Available functions are

  • load_model to load the included pre-trained model or specify a path to a trained model
  • universe2graph to convert an MDAnalysis universe into a tuple of atoms, neighbor list, edges, inverse_degree.
  • check_peaks to estimate validity of predicted peaks

The example below predicts peaks and estimates (True/False) if the peaks are valid.
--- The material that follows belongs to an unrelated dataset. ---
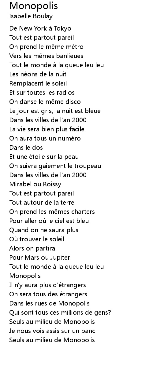 | Song | Monopolis |

Examples of why peaks are not valid are that the elements are not inlcuded in training data (e.g., oxygen shifts) or unusual chemistries or you forgot to remove solvent.

import MDAnalysis as md
import nmrgnn

model = nmrgnn.load_model()
u = md.Universe('108M.pdb')
g = nmrgnn.universe2graph(u)
peaks = model(g)
# check_peaks only uses first element of tuple (atom identities)
confident = nmrgnn.check_peaks(g[0], peaks)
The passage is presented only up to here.